Surprisingly, instead of problems of the Balkan NATO allies
or members of the Warsaw Pact, Yugoslavia is most often
mentioned. This article is based predominantly on newly
released documents of the CIA, NSC, DIA and the US State
Department Intelligence & Research Division, which
were declassified between March 1992 and September 1998.
Although in brief form, the document presentation provides
the possibility for studying the evolution of the US intelligence
concepts and estimates concerning post-war Yugoslavia.
The
Stalin-Tito Conflict
The
three day long Kremlin bargaining between Stalin and Churchill
and their foreign ministers Molotov and Eden in October
1944, which led to the well-known "percentage agreement"
on the Balkans, allotted to Yugoslavia a balanced position
with both of the Great Powers having equal influence.
During the first post-war years, the USA and Great Britain
demonstrated no great interest concerning the position
of Tito's Yugoslavia, which contrasted with their ongoing
interest in the course of events in Poland and Czechoslovakia.
In most diplomatic and intelligence reports related to
the period before 1948, the cabinet of Josip Broz Tito
is regarded as the closest ally of the Soviet Union and
as a "standard" Stalinist communist type regime
in East Europe. The attention of the leading circles in
the United States to Yugoslavia increases considerably
only when the conflict between Stalin and Tito is openly
acknowledged at the end of June, 1948.
Donald
Heath, the American ambassador in Sofia, uses a figurative
historical comparison - "a Protestant revolt against
the communist Vatican"3
- when commenting on the sudden break of relations between
the two most closely-linked East European countries in
his report to Washington, dated June 30. On the same day
in a cipher message, the US Military and Naval Attaches
in Belgrade first posed the question of the need for American
military support of Tito against a possible Soviet attack.4
Several days later, the first confidential American-Yugoslav
probe on the possibility of a military collaboration takes
place.5
In
their first information after the beginning of the Stalin-Tito
conflict, the Western secret services focus their attention
upon the probability of an outbreak of a military conflict
in the Balkans as the result of a possible Soviet attack
on Yugoslavia. From the onset of the Soviet-Yugoslav crisis,
the US military experts closely watch the course of events
and analyze the alternatives that might convert the political
controversy into a local war. In a report, submitted to
the US National Security Council on November 17, 1949,
four possible options of eventual Soviet actions are enumerated.
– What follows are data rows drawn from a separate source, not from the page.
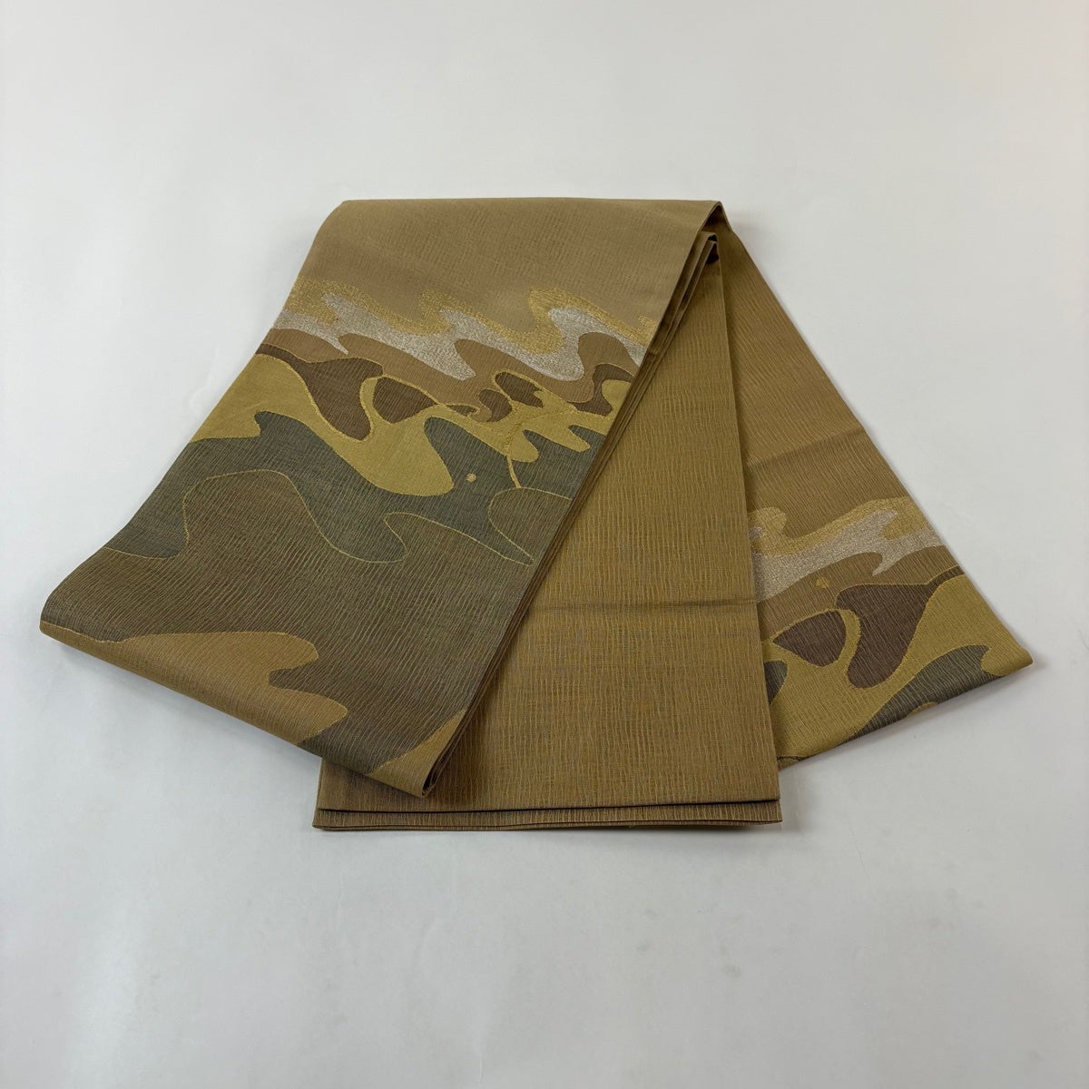 袋帯 秀品 夏帯 流水 波頭 金糸 黄土色 お太鼓柄 正絹
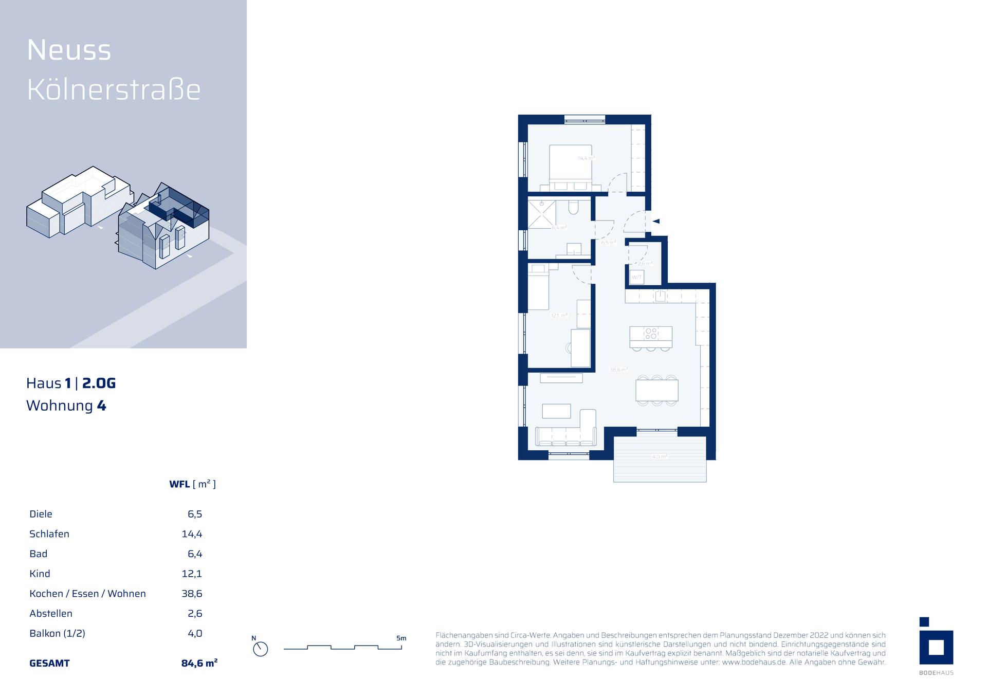 Die 3-Zimmer-Wohnung im Neubauprojekt an der Kölner Straße 246 in Neuss bietet mit einer Wohnfläche von ca. 84,6 m² ein durchdachtes Raumkonzept, das modernes Wohnen und hohen Komfort vereint. Das besondere Highlight ist der großzügige Wohn- und Essbereich mit offener Küche, der auf rund 38,6 m² ein lichtdurchflutetes Herzstück der Wohnung bildet. Hier entstehen großzügige Freiräume für gemeinsame Mahlzeiten, gesellige Abende oder entspannte Stunden.
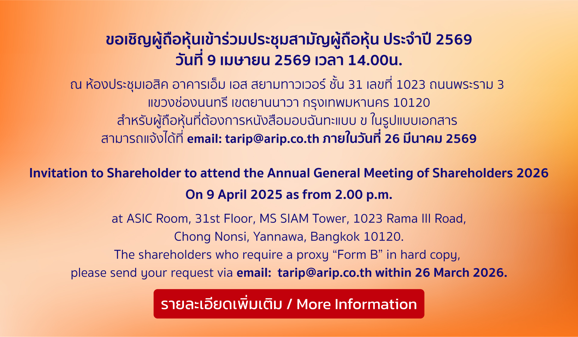 นายบุญเลิศ นราไท ประธานเจ้าหน้าที่บริหาร บริษัท เออาร์ไอพี จำกัด (มหาชน) และทีมผู้บริหาร ร่วมมอบทุนการศึกษาให้กับวิทยาลัยการจัดการ มหาวิทยาลัยมหิดล เพื่อสนับสนุนงานด้านการศึกษา ตลอดจนกิจกรรมด้านวิชาการต่าง ๆ ของทางมหาวิทยาลัยฯ โดยมีรองศาสตราจารย์ ดร.ปรารถนา ปุณณกิติเกษม คณบดีวิทยาลัยการจัดการ และ รองศาสตราจารย์ ดร.สุภรักษ์ สุริยันเกียรติแก้ว ผู้ช่วยคณบดีหน่วยธุรกิจและสังคมสัมพันธ์ พร้อมด้วย ผู้ช่วยศาสตราจารย์ ดร.บุญยิ่ง คงอาชาภัทร หัวหน้าสาขาการจัดการ มหาวิทยาลัยมหิดล ร่วมรับมอบ ณ วิทยาลัยการจัดการ มหาวิทยาลัยมหิดล พร้อมกันนี้ยังร่วมกันหารือถึงความร่วมมือระหว่างวิทยาลัยฯ และ ARIP ที่มุ่งหวังจะร่วมผลักดันให้เกิดการเปลี่ยนแปลงในภาคเอกชนในอนาคตต่อไป
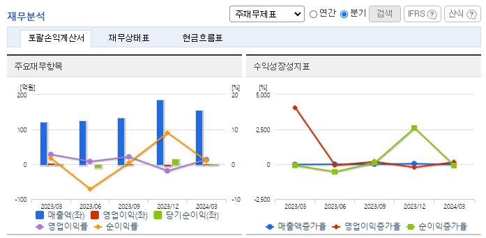 -올해 전체 반도체 업황이 개선되고 특히 HBM, CXL 관련한 부품 판매가 증가하면서 1분기 매출액이 26.9% 증가함. 영업익 감소는 신사업 투자 비용 증가가 반영된 것으로 추후 신규 매출이 본격적으로 발생하면 수익성이 개선될 것으로 기대됨. mmWAVE(밀리미터파) 케이블 제작 업체 인수와 전기 자동차 커넥터, DDR5 대응 소켓 양산 설비 등에 대한 투자를 진행하고 있음.
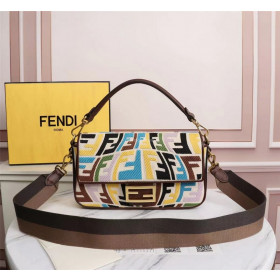 FENDI-8BR600 펜디 멀티 컬러 FF 피시아이 모티프 캔버스 미디엄 바게트 백
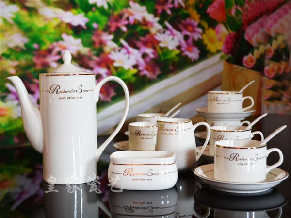 2.包郵15頭歐式骨瓷咖啡具套裝 咖啡杯 骨瓷茶具 含41%骨粉 描金邊
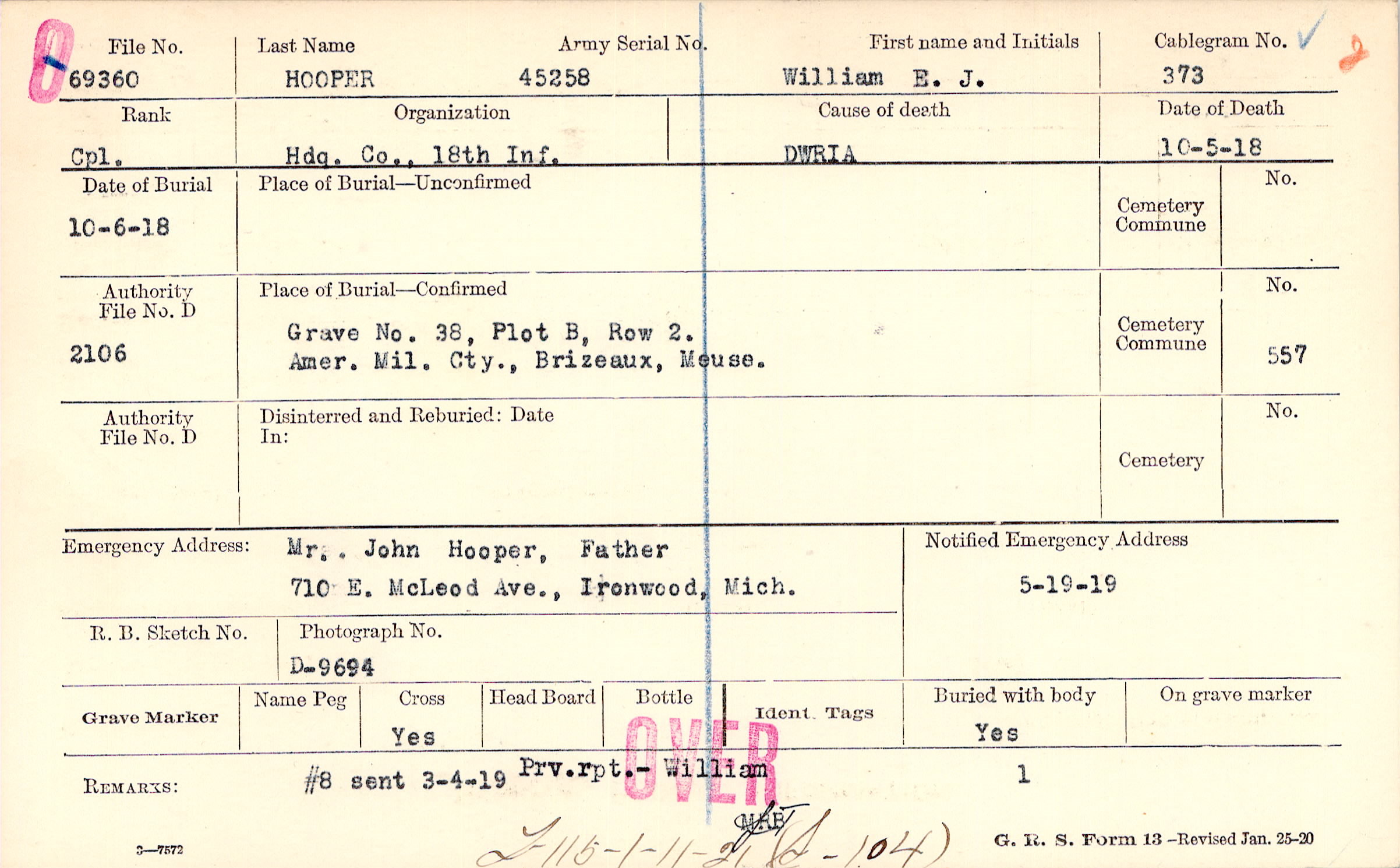 Mr. John Hooper, Father, 710 E. McLeod Ave., Ironwood, Mich.
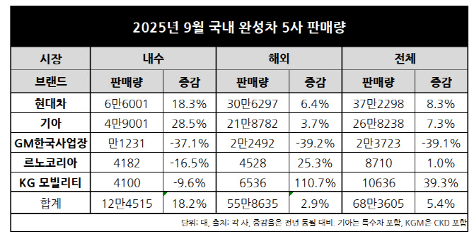 1일 현대차(005380)·기아(000270)·KG모빌리티(003620)(KGM)·한국GM·르노코리아에 따르면 지난달 국내 5개사가 국내외 시장에서 판매한 완성차는 총 68만3605대로 전년 대비 5.4% 증가했다. 기아는 특수차를, KG모빌리티는 현지조립형 반제품(CKD)을 각각 포함한 수치다.
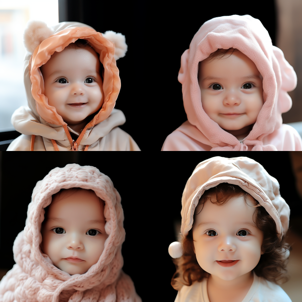Baby girl --ar 1:1 --v 5.2 --style raw --s 750

In a separate position, the Chairman of the Joint Chiefs
of Staffs formally poses the question of providing military
support to the Tito regime "since without our considerable
support we cannot expect him to achieve a success"
against a Soviet invasion.6
In another memorandum of the American Army Intelligence
Agency dated September 1950, it is noted that: "In
case of an attack on Yugoslavia the United States must
be prepared to give military support, eventually participating
with their own forces (underlined by the author)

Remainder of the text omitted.